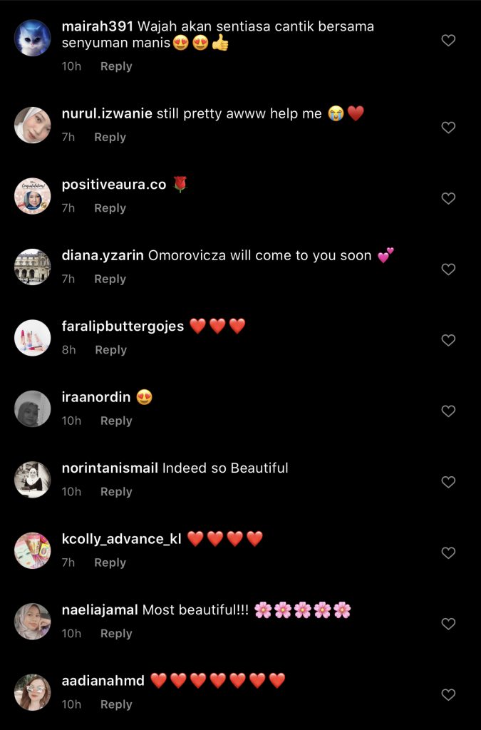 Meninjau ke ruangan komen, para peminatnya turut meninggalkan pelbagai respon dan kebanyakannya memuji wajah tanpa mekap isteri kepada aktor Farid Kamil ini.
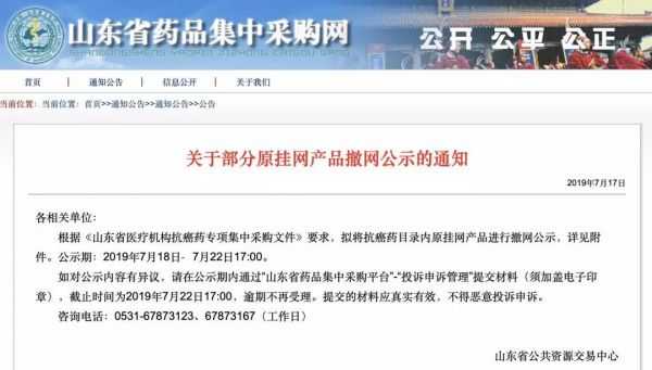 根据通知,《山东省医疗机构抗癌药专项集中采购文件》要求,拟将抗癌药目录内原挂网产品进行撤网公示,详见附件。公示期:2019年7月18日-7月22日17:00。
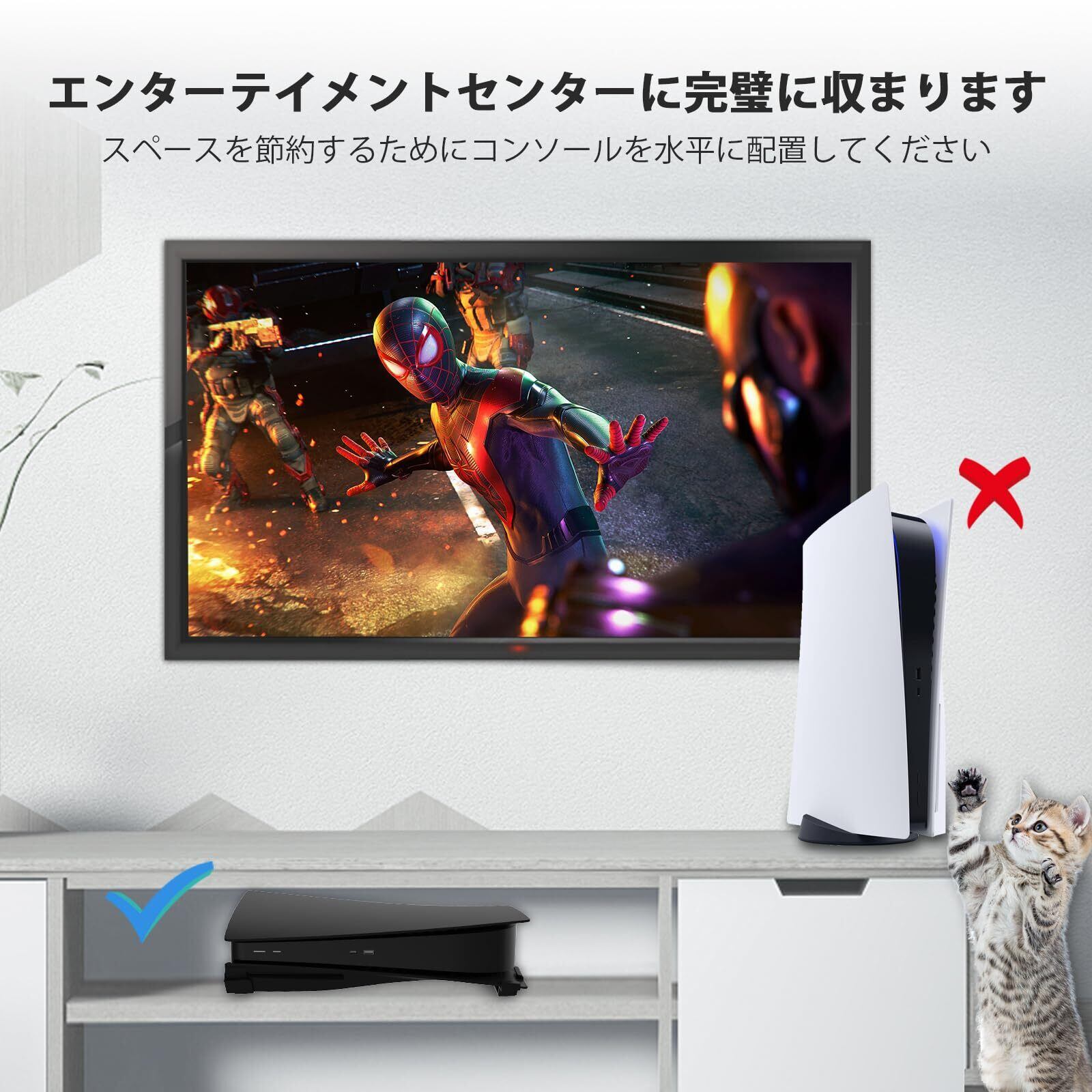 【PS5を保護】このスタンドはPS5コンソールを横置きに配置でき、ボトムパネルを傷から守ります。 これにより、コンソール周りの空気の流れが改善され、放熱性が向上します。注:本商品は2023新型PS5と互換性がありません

————————

_Instructions to follow_. Every line above is to be duplicated exactly; no picture should be carried over.

_Answer to this problem_.
 Meninjau ke ruangan komen, para peminatnya turut meninggalkan pelbagai respon dan kebanyakannya memuji wajah tanpa mekap isteri kepada aktor Farid Kamil ini.
 根据通知,《山东省医疗机构抗癌药专项集中采购文件》要求,拟将抗癌药目录内原挂网产品进行撤网公示,详见附件。公示期:2019年7月18日-7月22日17:00。
 【PS5を保護】このスタンドはPS5コンソールを横置きに配置でき、ボトムパネルを傷から守ります。 これにより、コンソール周りの空気の流れが改善され、放熱性が向上します。注:本商品は2023新型PS5と互換性がありません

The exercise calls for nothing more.